Reputation: 3
I've been running into some issues deploying my rails code to Heroku since my development environment was set to sqllite3 by default. This is the following log snapshot:
ActiveRecord::StatementInvalid (PG::Error: ERROR: syntax error at or near ":"
2012-05-25T14:11:55+00:00 app[web.1]:
2012-05-25T14:11:55+00:00 app[web.1]: LINE 1: ...LECT "records".* FROM "records" WHERE (TIMESTAMP(:order) >=...
2012-05-25T14:11:55+00:00 app[web.1]: : SELECT "records".* FROM "records" WHERE (TIMESTAMP(:order) >= '2011-05-25 00:00:00' and TIMESTAMP(:order) <= '2012-05-25 23:59:59') ORDER BY created_at):
2012-05-25T14:11:55+00:00 app[web.1]: app/controllers/records_controller.rb:20:in `index'
The code fragment from my controller file:
opts = {:order => "created_at"}
opts[:conditions] = (@start_date.nil? ? "" : "TIMESTAMP(created_at::text) >= '#{@start_date.to_s(:db)}'")
opts[:conditions] += ((@start_date.nil? || @end_date.nil?) ? "" : " and ")
opts[:conditions] += (@end_date.nil? ? "" : "TIMESTAMP(created_at::text) <= '#{@end_date.to_s(:db)}'")
Originally, I had a "DATETIME" where you have TIMESTAMP so I switched it and still getting issues. The context of this code is that I'm running a query between dates with the following format: 2011-05-25 00:00:00
Upvotes: 0
Views: 133
Reputation: 434665
Your created_at
should already be a timestamp
so there's no need for TIMESTAMP(created_at::text)
to try and cast it to a timestamp
; timestamp(x)
won't work in PostgreSQL anyway. You shouldn't need that sort of thing for SQLite either.

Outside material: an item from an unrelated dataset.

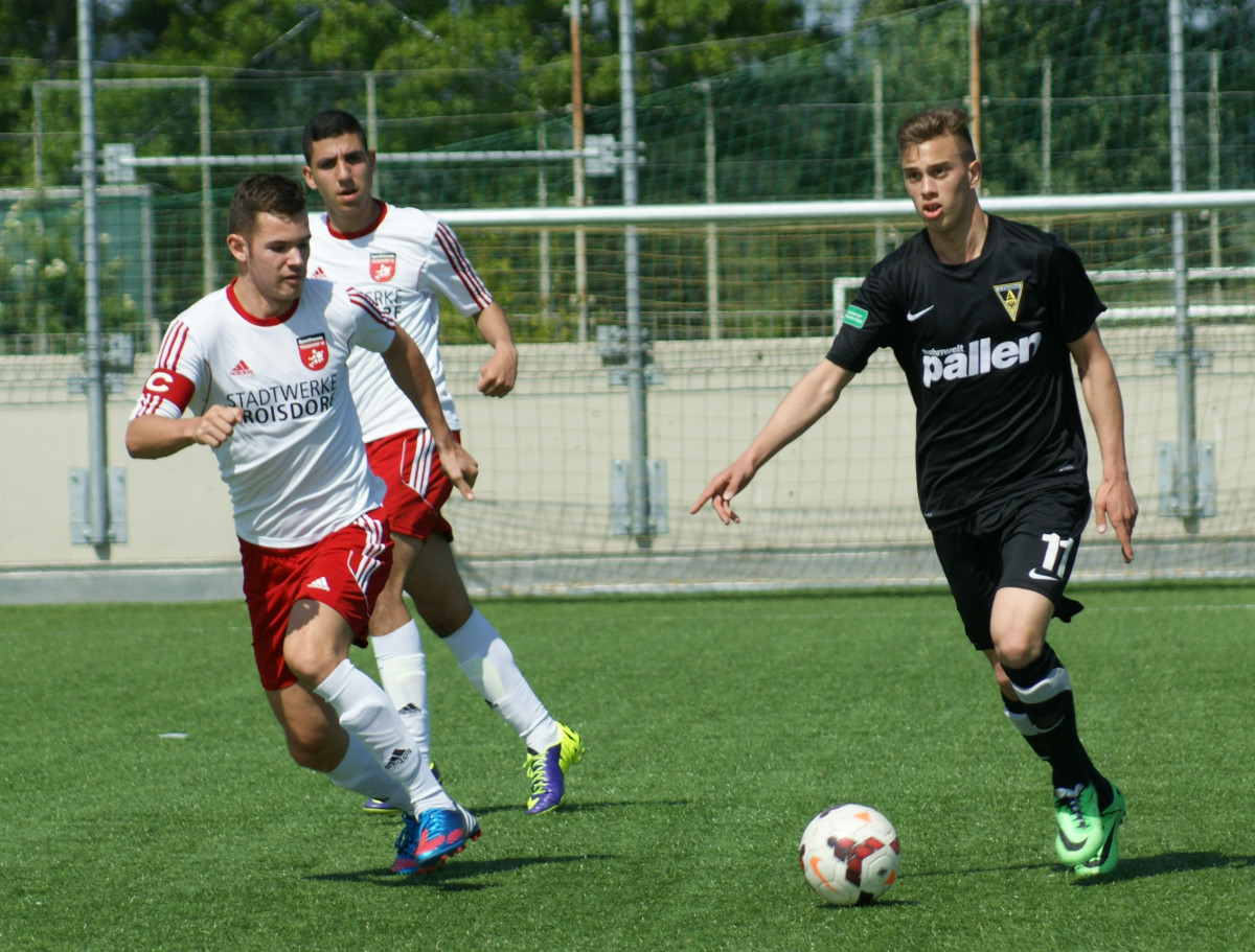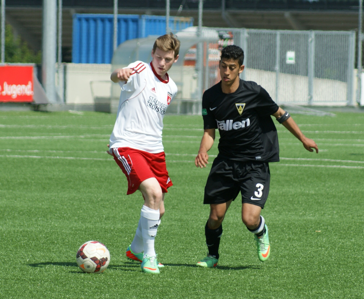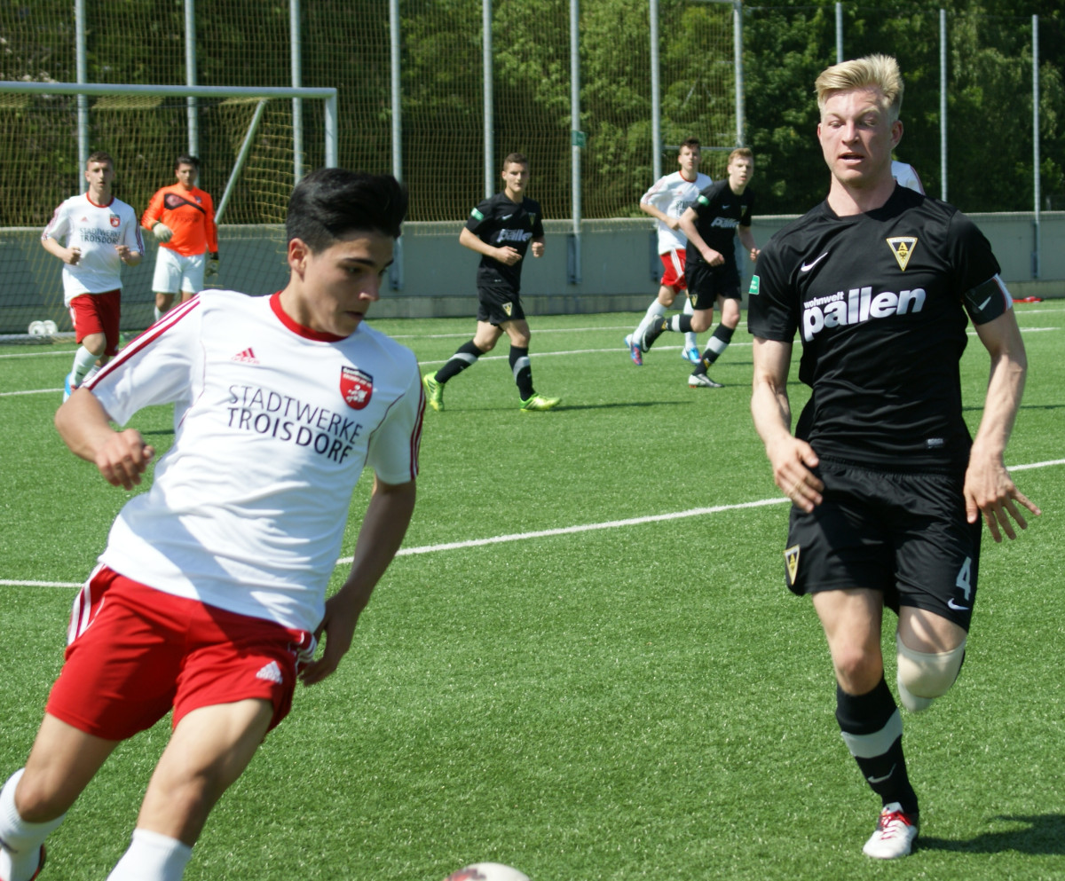 Die U19 der Alemannia hält den Druck auf Tabellenführer Viktoria Köln weiter aufrecht. Am drittletzten Spieltag der A-Junioren Mittelrheinliga fegten die jungen Alemannen die Sportfreunde Troisdorf mit 15:3 (8:0) vom Kunstrasenplatz auf dem Parkhausdach am Tivoli. Da die Viktoria ihr Duell am Nachmittag gegen BW Köngisdorf mit 3:2 gewinnen konnte, beträgt der Rückstand zur Spitze weiterhin zwei Zähler.

You end up running SQL like this:
SELECT "records".*
FROM "records"
WHERE TIMESTAMP(:order) >= '2011-05-25 00:00:00'
and TIMESTAMP(:order) <= '2012-05-25 23:59:59'
ORDER BY created_at
You're doing something somewhere that changes created_at::text
to :order
in the SQL. I haven't been able to reproduce that behavior but I suspect that you're running afoul of named placeholders (i.e. column = :value
rather than column = ?
) but that's just a wild guess.
In any case, if get rid of the timestamp(...)
stuff and switch over to chaining your where
calls, you'll get something much nicer:
query = Record.order(:created_at)
query = query.where('created_at >= ?', @start_date) if(@start_date.present?)
query = query.where('created_at <= ?', @end_date) if(@end_date.present?)
Then you can query.all
or query.paginate(...)
or whatever to get your final results. That is (IMHO) much prettier than a pile of string wrangling and it should work the same anywhere.
If you're going to be deploying on top of PostgreSQL (i.e. Heroku) then you should develop and test on top of PostgreSQL. SQLite has some strange ideas about what SQL is and how its type system works, PostgreSQL is (thankfully) much less forgiving. You should always develop and deploy on the same stack and same applies all the way down to version numbers.